▶ YOUR OBJECTIVE:
With the pictures omitted, output word for word the lines from the one containing "六、乙方不得损坏铺位内设施和装修,如有损坏,照价赔偿。" through the end of the records.

▶ Records from a dataset:
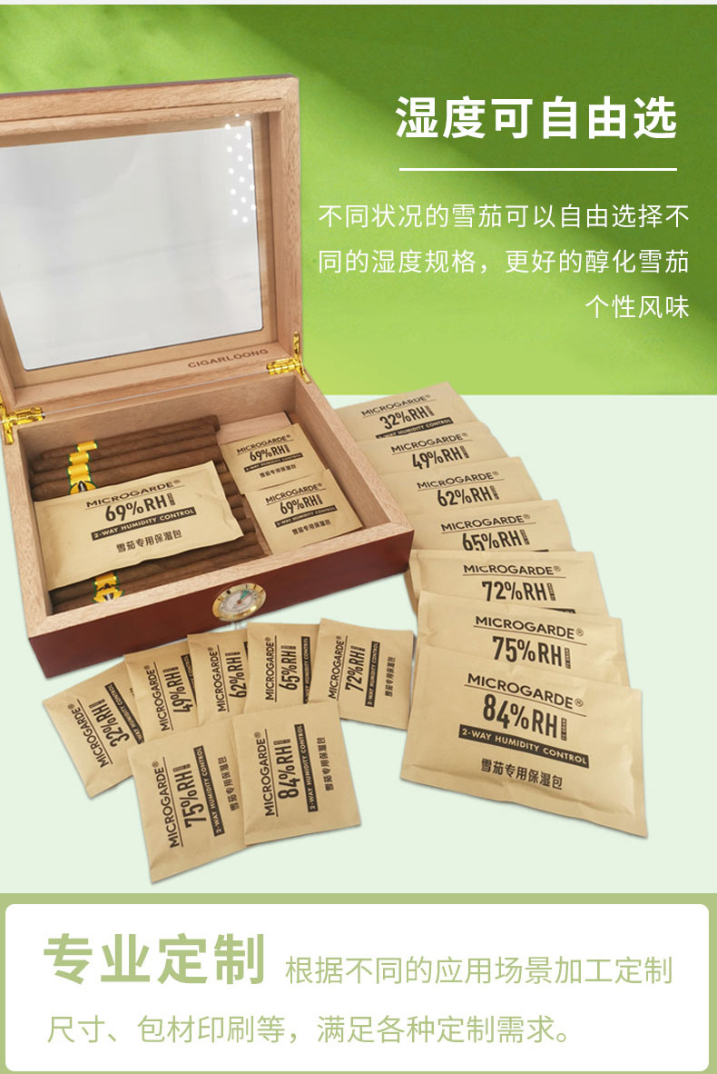 Увлажнитель для сигар, двусторонний, с постоянным контролем влажности 69%, пакет для контроля влажности табака, пакет для сигар, 10 г, увлажняющие таблетки для сигар
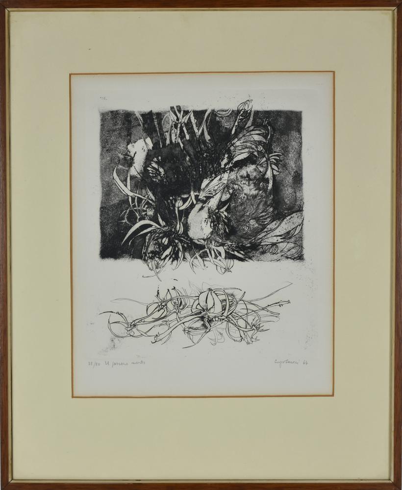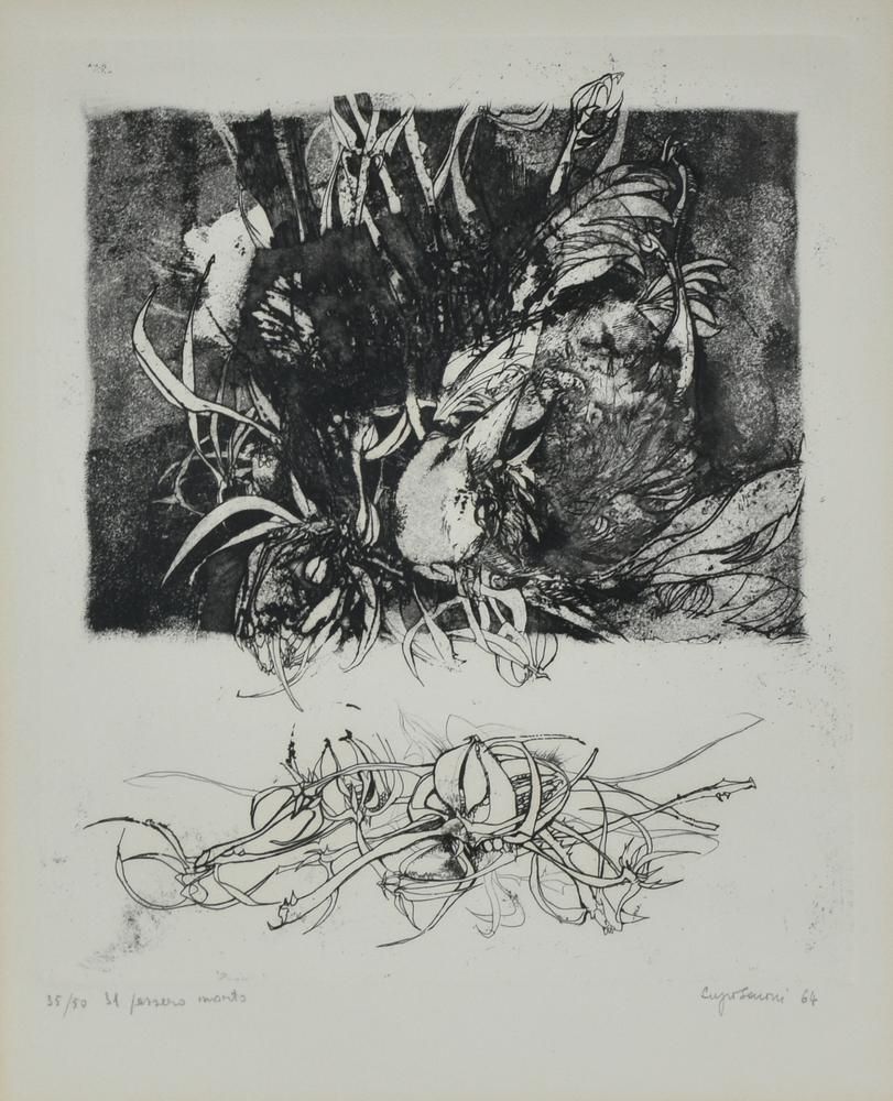 Sergio Saroni IL PASSERO MORTO acquaforte su carta, cm 54x44 (lastra cm 31x26) esemplare 35 su 50 sul fronte: firma, titolo e data eseguita nel 1964
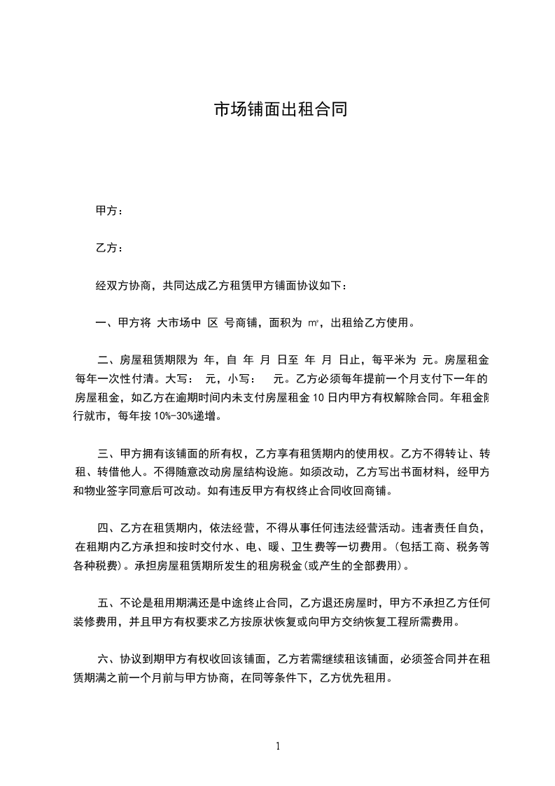 六、乙方不得损坏铺位内设施和装修,如有损坏,照价赔偿。
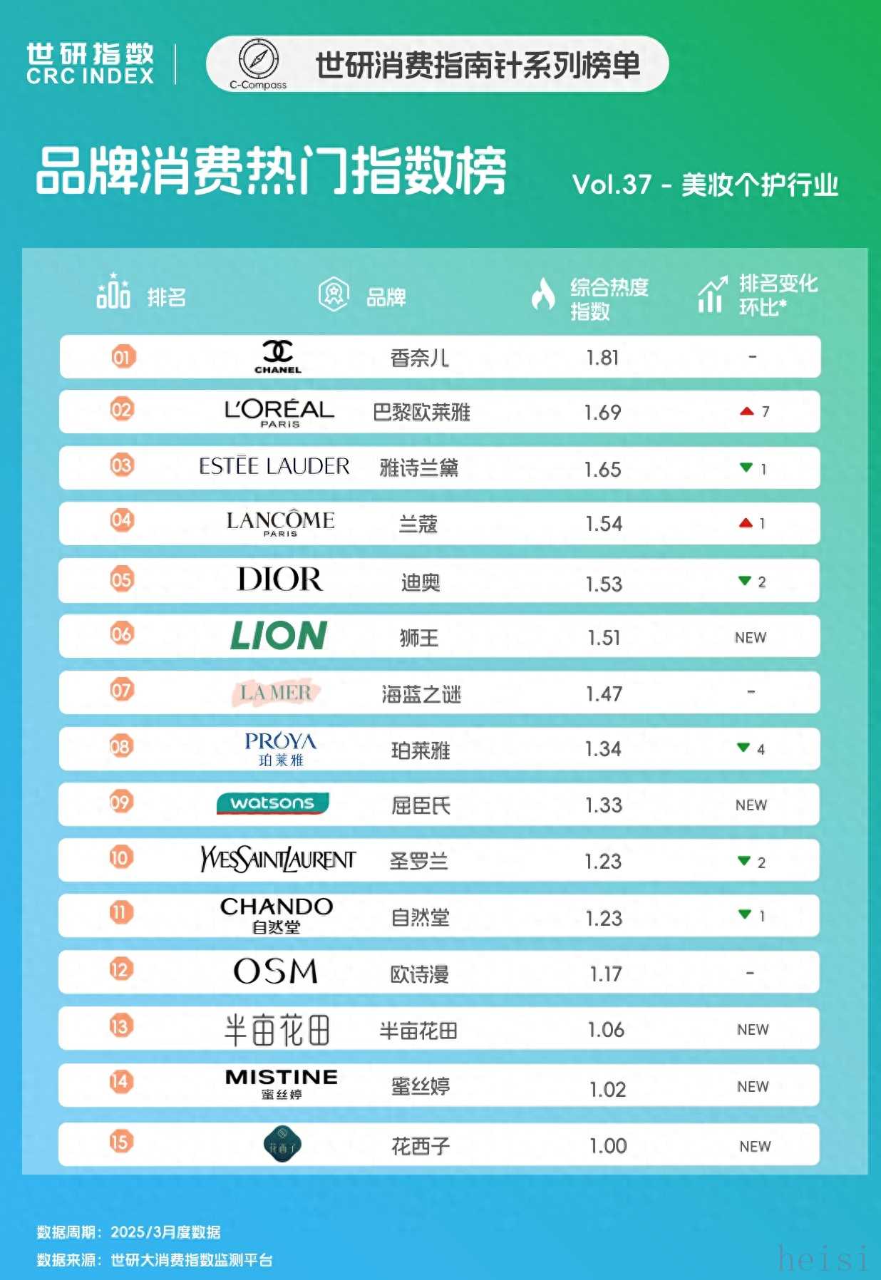 本次監(jiān)測(cè)周期內(nèi),美妝護(hù)膚品牌香奈兒、巴黎歐萊雅和雅詩(shī)蘭黛分別以1.81、1.69、1.65的綜合熱度位列榜單綜合熱度前三。
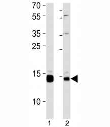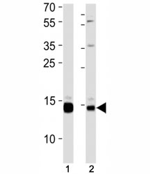 - SUMO2/3 antibody western blot analysis in (1) 293 cell line and (2) rat liver tissue lysate. Observed molecular weight: 12-15 kDa.

▶ ANSWER TO THIS TASK:
 六、乙方不得损坏铺位内设施和装修,如有损坏,照价赔偿。
 本次監(jiān)測(cè)周期內(nèi),美妝護(hù)膚品牌香奈兒、巴黎歐萊雅和雅詩(shī)蘭黛分別以1.81、1.69、1.65的綜合熱度位列榜單綜合熱度前三。
 - SUMO2/3 antibody western blot analysis in (1) 293 cell line and (2) rat liver tissue lysate. Observed molecular weight: 12-15 kDa.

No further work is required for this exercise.